Scattering
To do scattering, no new classes are made, only functions relying on all the previous classes are used.
Convolutional Scattering
This type of scatter uses the same method as the scatter presented in the XCIST paper, and the kernel for the convolution has been retrieved from XCIST GitHub.
- convolutional_scatter(xray_source, photon_count, detector, sfactor)
This method, takes in the photon count across all energy bins and applies a convolution to this array, the result is then added to the original photon count array to create the final count.
- Parameters:
xray_source (
source) – The xray_source used to create the photon count array.photon_count (
double) – An array of dimensions [energy_bins, ny_pix, nz_pix, nrotation], generated by ray tracing the source through the phantom.detector (
detector) – The detector used to create the photon count array.sfactor (
double) – A scatter factor used to customise the amount of scatter in the image.
- Returns:
scatter – The additional scatter to be added to the photon count array.
- Return type:
nbins x ny x nz x nrot double
To retrieve the scatter kernel, the user can use the following function.
- get_scatter_kernel()
Since the data is retrieved from the file taken from the xcist repository, the data needs to be reshaped to column major order, as the data is stored in row major order.
- Returns:
scatter_kernel – The scatter kernel used in the convolutional scatter.
- Return type:
65x49 double
To normalise the photon count, we calculate what the count would be if there was no phantom, an air scan. This function is not limited to the convolutional scatter, it can be used by the user to calculate the air scan, if they so wish.

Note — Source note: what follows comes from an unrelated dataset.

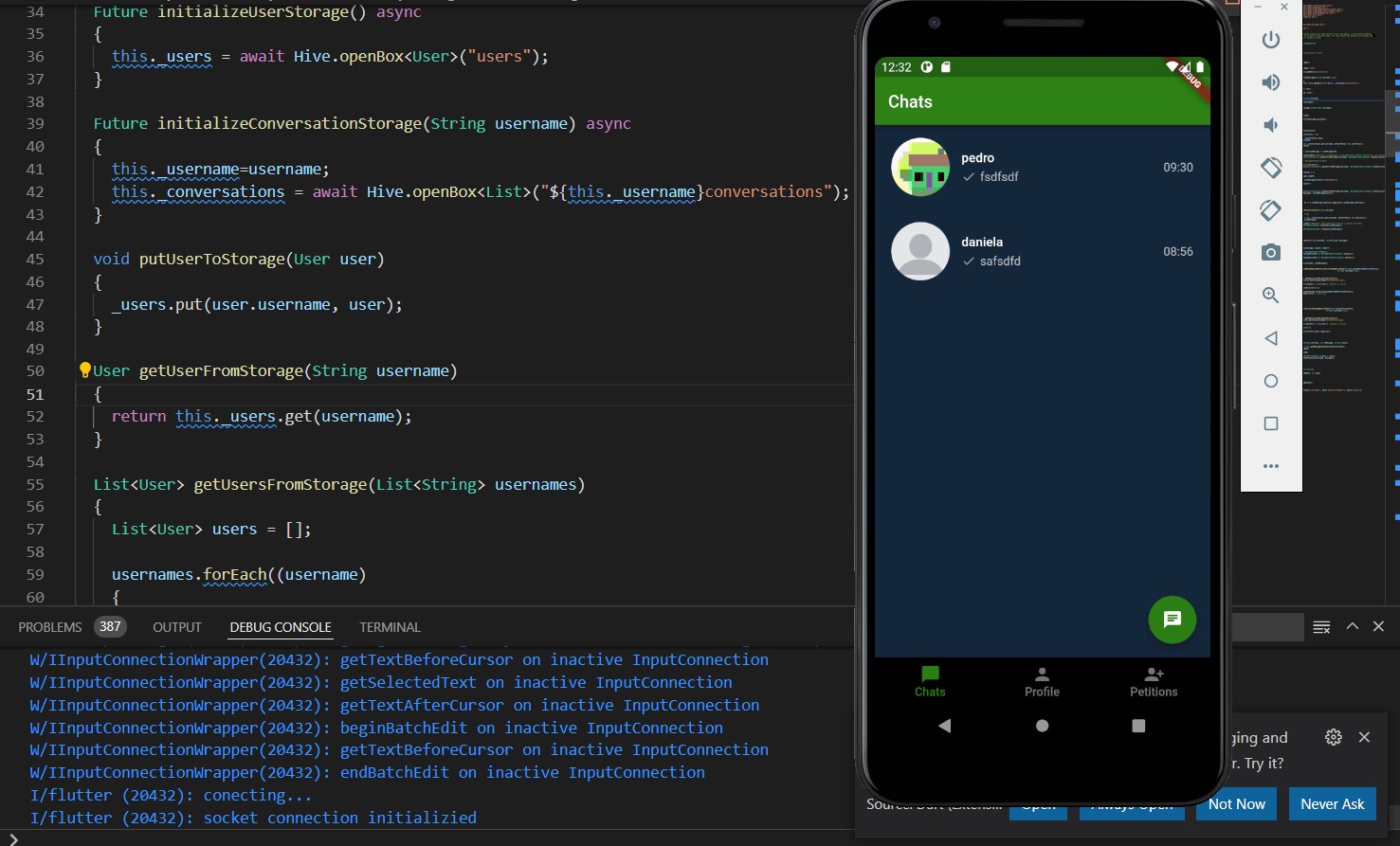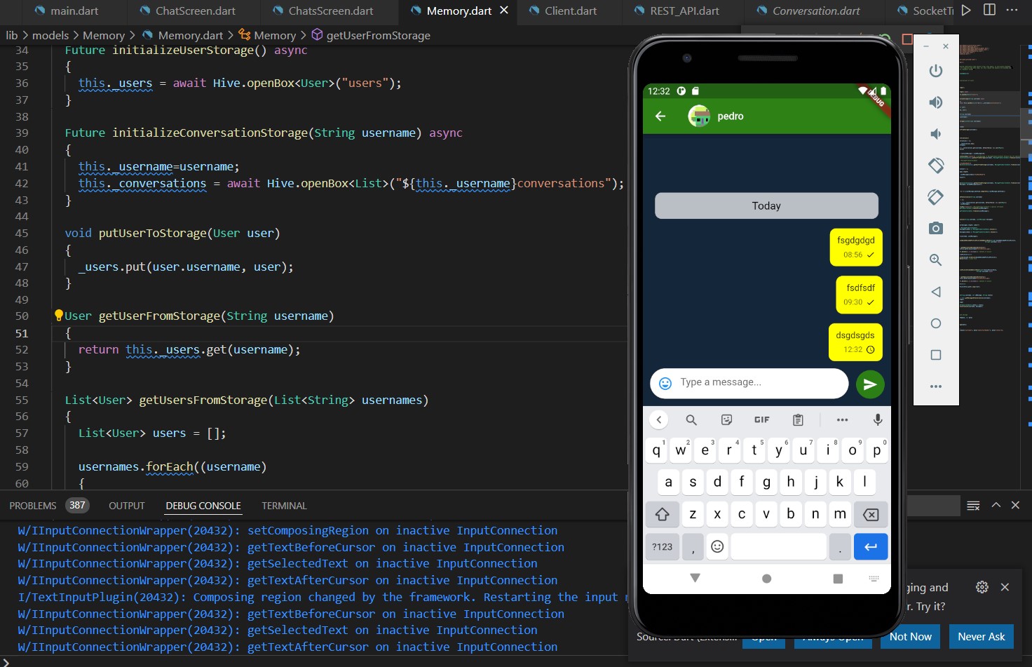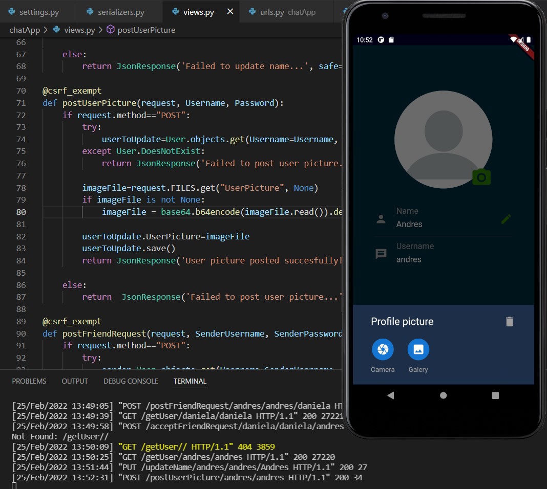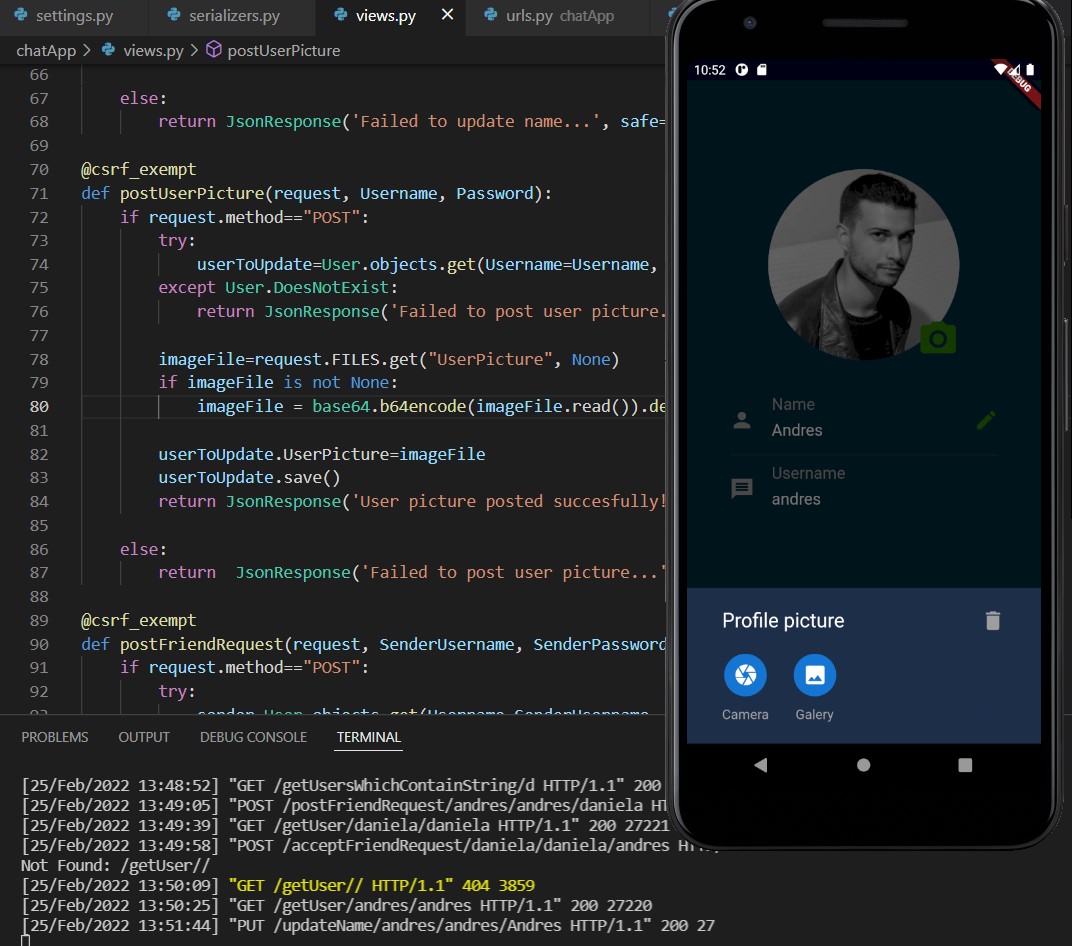 Warnung: Es ist nur wenig übrig, um die Anwendung zu beenden. Es muss die Benutzerregistrierungsbildschirme, Benachrichtigungen im Hintergrund und die Datenaktualisierungen von Freundschaftsanfragen und neuen Freunden über Sockets hinzufügen.

- air_scan(xray_source, detector)
This function assumes that the ray length provided by the detector array is the exact length between the source and the detector, therefore calculates the total attenuation without performing any ray tracing, using \(\mu_a\,l\), where \(\mu_a\) is the linear attenuation coefficient of air and \(l\) is the length of the ray.
- Parameters:
- Returns:
photon_count – An array of dimensions [energy_bins, ny_pix, nz_pix, nrotation], representing the number of photons that would be detected if there was no phantom.
- Return type:
nbins x ny x nz x nrot double
Deterministic Scatter
This scatter method is still under development and may be subject to change. The method is takes a more deterministic approach to scatter than true monte carlo methods, where we rely on the rays generated for ray tracing, and then sample the scatter from these rays.
We sample every ray at 0.1 mean free paths, and then trace 100*sfactor rays from this point, randomly choosing the direction of the scatter, and the energy of the scattered ray. We then calculate if this ray will hit the detector, and if it does, we add the number of photons that will hit this pixel to the scatter array.
We determine the number of photons that will hit the pixel by using the attenuation of the up to this sample point, the probability of the ray scattering at this point, the number of rays being sampled from this point, and the attenuation of the ray from this point to the detector.
There are several functions involved in this method, but the main function is the following.
- monte_carlo_scatter(xray_source, phantom, detector_obj, sfactor)
This function is very similar to
compute_sinogram(), with the only real difference being that this function is used to calculate the scatter, and not the sinogram. This also means that the energy that the rays are scattered with is not the same as the energy that the rays are generated with, and so we need to keep track of this.- Parameters:
xray_source (
source) – The source of xrays to be used to create the scatter.phantom (
voxel_array) – The phantom that the rays will be scattered through.detector_obj (
detector) – The detector that the rays will be scattered to.sfactor (
double) – A scatter factor used to customise the amount of rays traced and potentially scattered.
- Returns:
scatter – The scatter array to be added to the photon count array.
- Return type:
nbins x ny x nz x nrot double
- compton_dist(nrjs)
- Parameters:
nrjs (
1xN double) – A list of energies to be used to sample the scatter.- Returns:
thetas – A list of thetas produced by sampling the distribution using the Geant4 physics reference manual. Used alongside the
compton_scatter()function. The produced thetas should be randomly sampled to produce the angles of scatter.- Return type:
1xN double
- compton_scatter(direction, inrj, thetas)
This function calculates the new direction and energy of the ray after a Compton scatter. The sampling of the new direction is done using the formulae from the Geant4 physics reference manual and assisted by the Geant4 source code.
This function uses some code directly from CLHEP to calculate the vector transformation in order to retrieve the new direction of the ray.
- Parameters:
direction (
3x1 double) – The initial direction of the ray.inrj (
double) – The initial energy of the ray.thetas (
1xN double) – A list of thetas to be used to sample the scatter.
- Returns:
direction (
3x1 double) - The new direction of the ray after scattering.nrj (
double) - The new energy of the ray after scattering.